Entering his second professional season, Shedeur Sanders has quietly shifted the narrative around Cleveland's quarterback room. What began as a lopsided competition favoring Deshaun Watson has tightened considerably, with the 24-year-old former first-round pick winning over the coaching staff through preparation and football intelligence rather than raw athleticism.
Browns quarterbacks coach Mike Bajakian put it plainly when describing Sanders' spring performance: "I'm blown away. I think Shedeur has a really good vision of the field, and he'll say things in practice sometimes, where I'd be like, 'What did you get there?'"
Bajakian cited one specific instance in which Sanders targeted a deep post route against a post-safety look, a decision that appeared questionable at full speed but proved sound after film review, as the safety dropped to the crosser and vacated the over-the-top window.
That kind of pre-snap awareness was well-documented before the draft. Analysts consistently highlighted Sanders' defensive recognition and football IQ as his defining qualities, traits that now appear to be translating to the pro game faster than skeptics anticipated.
He was reportedly studying Lamar Jackson's Baltimore film before Cleveland's coaching staff even had him in the building for Phase 1 workouts.
His rookie numbers were uneven: 1,400 yards, seven touchdowns, 10 interceptions, a 3.24-second average time to throw, and 23 sacks taken.
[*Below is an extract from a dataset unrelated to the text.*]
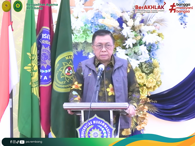 Surabaya – Ketua Pengadilan Agama (PA) Rembang, Bapak Firdaus Muhammad, S.H.I., M.H.I., menghadiri agenda penting berskala internasional bertajuk "Ketahanan Peradilan Agama di Era Disrupsi". Acara yang diselenggarakan secara hybrid dari Aula Tauhid Universitas Muhammadiyah Surabaya pada Jumat (23/01) ini, menjadi momentum krusial bagi jajaran pimpinan peradilan untuk menyelaraskan visi dengan standar hukum global.

However, ESPN's Jeremy Fowler noted Sanders had "bridged the gap" after Watson entered the spring as the clear frontrunner.
The veteran finished spring 90-of-133 with 13 touchdowns and three interceptions, while Sanders went 79-of-113 with five touchdowns and three interceptions, with first-team reps split between the two.
Why Mike Bajakian Says Training Camp Will Settle the Browns QB1 Debate
Head coach Todd Monken has declined to name a starter, with the decision now expected to hold through at least the first two preseason games in August. The logjam is deliberate. Bajakian made clear that the spring setting, with its controlled tempo and limited contact, simply cannot replicate the conditions that separate starters from backups.
"The beauty of what training camp will give you that OTAs and minicamp haven't given you is more live bullets, frankly," Bajakian said. "It's a little bit easier to make a faster evaluation when you have a defensive line that's coming at you full speed, when you really have to react to the full-speed aspect of the game."
That framing matters for Sanders specifically. His critics have long questioned whether his measured, cerebral process holds up when pass rushers disrupt timing. His rookie struggles, particularly the sack total and slow release, fed that concern.
But the spring suggested his footwork and processing speed have both improved. Browns analyst Nathan Zegura noted Sanders had made "a big leap" in his ability to cycle through progressions and get the ball out quickly compared to his first year.
Monken has acknowledged the situation directly: "I'm not there yet… I would have loved to do it. I was being honest. I think you'd love to have the starter named. I just can't do it." Trade speculation has surfaced around Sanders, but no deal has materialized before camp. For now, both quarterbacks remain in the mix with the Week 1 job genuinely undecided.